4,000-year-old termite mounds are so vast they’re visible from space
- This 4,000-year-old structure can be seen from space and wasn’t built by humans.
- The mounds are made up of 200 million mounds of earth.
- They’re still under construction today.
They’re nearly as old as the pyramids of Giza, and far larger, the equivalent in volume of some 4,000 Great Pyramids. They weren’t built by people, though. Two hundred million mounds of dirt — more than 10 cubic kilometers, or 2.6 trillion U.S. gallons, of it — together form a massive structure about the size of Great Britain. It was assembled speck by speck by Syntermes dirus termites. Tiny as they are, these insects have built something so big it can be seen from space.
“This is apparently the world’s most extensive bioengineering effort by a single insect species,” says co-leader of the research team biologist Roy Funch of the Universidade Estadual de Feira de Santana in Brazil. His team’s study was published in Current Biology on November 19.
(Martin, et al)
Where the mounds were found
The structure is located in semi-arid northeastern Brazil, largely hidden in thorny-scrub caatinga forests. MAXENT species-distribution modeling software crunched the data on previously catalogued mounds and predicted the 230,000 square-kilometer structure’s existence. This was then confirmed by ground searches and analysis of satellite imagery.
The distribution of the mounds, say the researchers, is not unlike North American mima mounds, South African heuweltjies, and Namibian fairy circles.
(Martin, et al)
What are the mounds, anyway?
The conical mounds are called murundus by locals, and each one is about twice the height of an adult human, with a diameter of about 35 feet. They’re spaced about 65 feet apart.
Though termites are known to build impressive above-ground houses capable of reaching 10 feet in height, these are not houses. They’re essentially dirt piles, discarded earth from 4,000 years of continuous tunnel digging that’s still ongoing.
Finished mounds have no internal structure to speak of, though piles that are still growing have a single central tunnel of about 10 cm in diameter leading into the ground.

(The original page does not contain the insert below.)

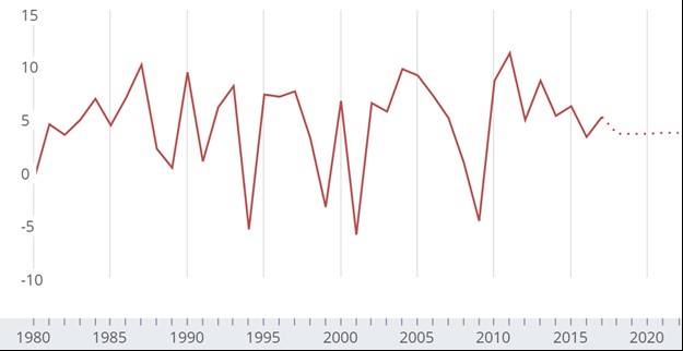 В частности, с 1980 по 2017 годы динамика реального ВВП Турции (см. график) имеет неустойчивый характер, бурные подъемы меняются не менее резкими спадами (хотя, после 2008 года экономика растет стабильнее, падение ВВП фиксируется реже и глубина этого падения меньше, чем в ряд лет, приходящихся на период с 1980 по 2008 годы).

The insects’ vast underground network of tunnels — each tunnel about 10 cm in diameter — and narrow, horizontal galleries filled with beds of dead leaves for brood, are never exposed to the air outside. When termites venture up to the surface and out to get some decaying leaves to eat, they travel in 10–50-member groups. The foraging party emerges via thin, temporary passageways of about 8 mm that are immediately resealed after use.
To learn just how long S. dirus has been at this, the researchers collected soil samples from the centers of 11 mounds. Bathing the samples blue or green light to release ionizing radiation from mineral grains allowed them to roughly deduce the last time they’d been exposed to the sun. Optically-stimulated luminescence analysis produced the 4,000 year estimate.
(Martin, et al)
Those amazing insects
Entymologist Stephen Martin of University of Salford, the other co-leader of the research, says the group of mounds “represents one of the biggest structures built by a single insect species.” He concludes, “It’s incredible that in this day and age you can find an ‘unknown’ biological wonder of this sheer size and age still existing with the occupants still present.”